Случалось, он затихал в полночь и к утру не появлялся; тогда люди, животные и даже дома и горы распрямлялись, начинали дышать полной грудью. Люди оживали и радовались жизни, как оживают жители поселка, узнав, что разбойник, годами безжалостно грабивший их дома, с божьей помощью убит или навсегда исчез с их горизонта. Иногда ветер дул днем, и тогда скалы и земля вокруг бывали чисто подметены — ни одной бумажки, ни соринки, ни огрызка; а пыль и песок, которые обычно набивались в расщелины, точно прилипали к камням, точно вдавливались в них. Стебельки вереска, пробившиеся меж камней, отплясывали дикий танец, соперничая с телефонными и телеграфными проводами; правда, сорвать их ветру было не под силу: они пригибались к земле и снова выпрямлялись, а потом опять сгибались и сгибались в почтительном поклоне. Когда крепчал ветер, то женщины — они и вообще-то там были наперечет — не выходили из дому, и если бы кто встретил одну из них на улице, то удивился бы не меньше, чем верблюду или пеликану.
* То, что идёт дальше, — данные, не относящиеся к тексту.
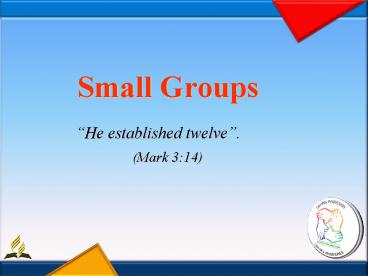 passage as the reasons to establish Small Groups - To be with Jesus To strengthen Christian growth.
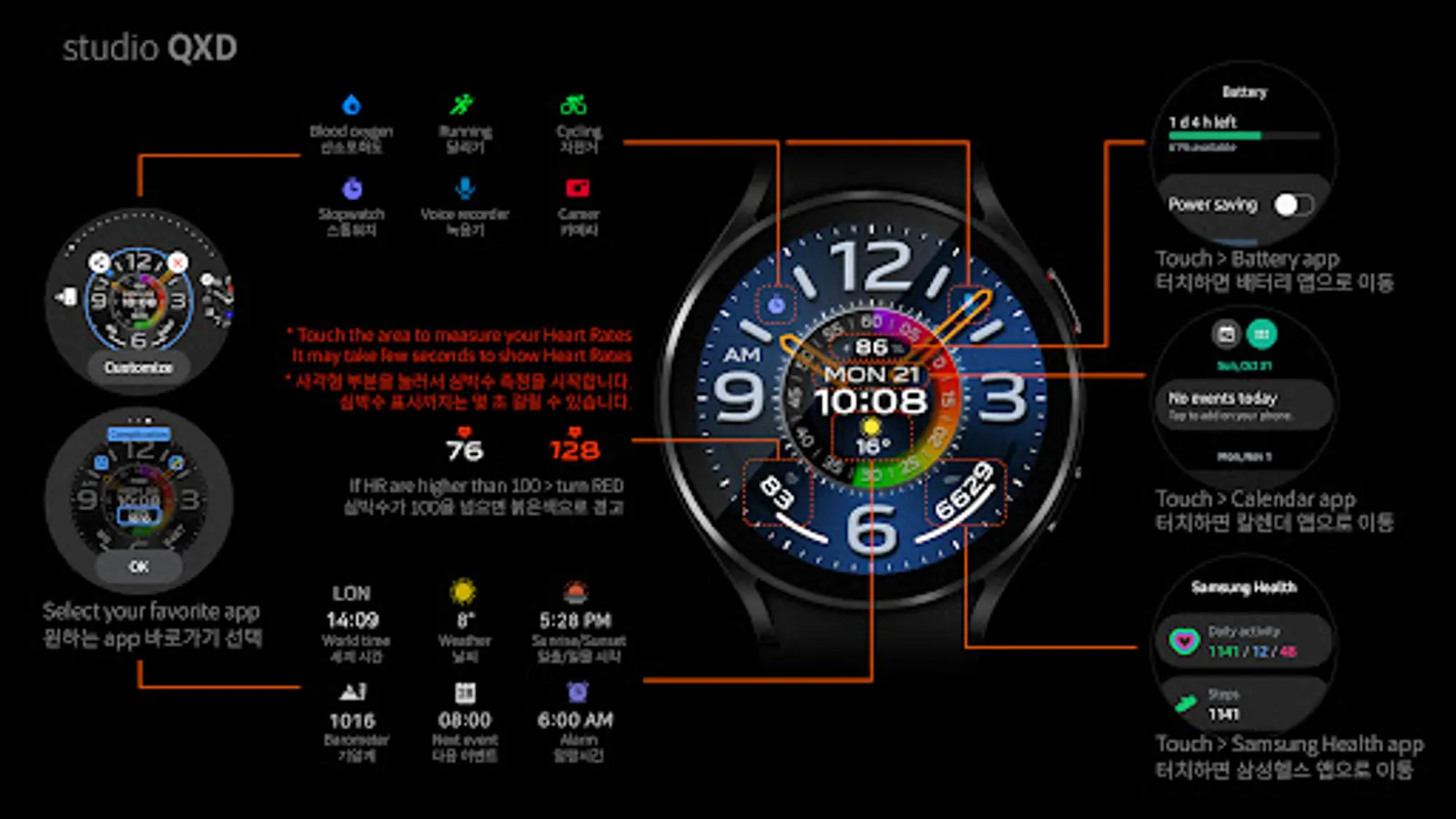 - Customizable information text and icon such as weather, next event, barometer, alarm, etc.
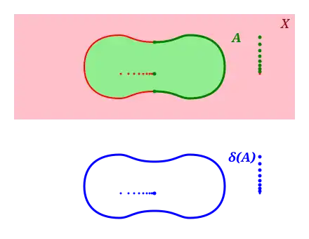 In de figuur hieronder is een deelverzameling A van het vlak in het groen weergegeven. Een rode kleur geeft uitdrukkelijk aan dat sommige punten van het vlak niet tot A behoren. Daaronder staat een schets van de rand van A in het blauw. De rand van A bevat limietpunten van rijen in A waarvan de limiet niet tot A behoort. De rand bevat eveneens limietpunten van rijen in het complement van A waarvan de limiet tot A behoort.
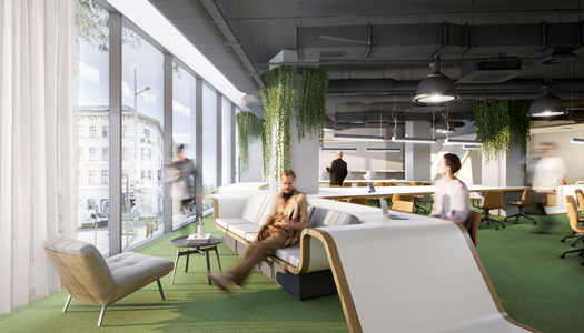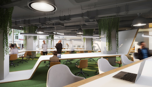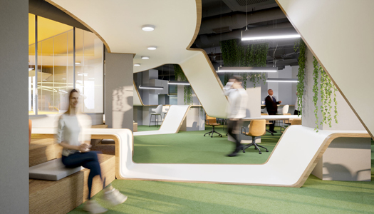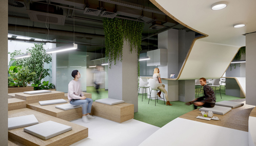 Die Arbeitsbereiche sind freundlich und warm gestaltet – und laden zum Verweilen ein. Natürliche Materialien, gute Atmosphäre und eine bepflanzte Skylight Zone mit Sitzwürfeln versprechen produktive Stunden. Eine Tisch-Wand-Boden-Skulptur begleitet den Raum und schafft Wohlfühlzonen zum Loungen.

Я тщетно прислушивался, надеясь уловить хоть какой-нибудь звук. Может быть, еще слишком рано, подумал я, часов шесть или семь, и только через час-полтора послышатся голоса, шаги, шум. Часов у меня не было, а по свету в палатке судить было трудно, встало солнце или нет. Но необычными были не только эта тишина и молчание, не только они заставляли насторожиться. Меня смутило еще вот что: обычно, когда мы спали, парусина палатки была натянута высоко над нашими головами — на метр-полтора, а теперь я мог бы поднять руку и коснуться крыши. Что случилось? Я повернул голову и посмотрел в другой угол палатки. Там парусина тоже прогнулась, точно под какой-то тяжестью. Я ничего не понимал и удивленно таращил глаза. Палатка стояла в открытом поле. Что могло на нее упасть? Разве с неба что-то свалилось? Я не придумал никакого объяснения и молча лежал, боясь шелохнуться, — мне казалось, стоит мне пошевельнуться или произнести хотя бы одно слово, как это мое движение и даже звук моего голоса нарушат эту тяжелую, давящую тишину.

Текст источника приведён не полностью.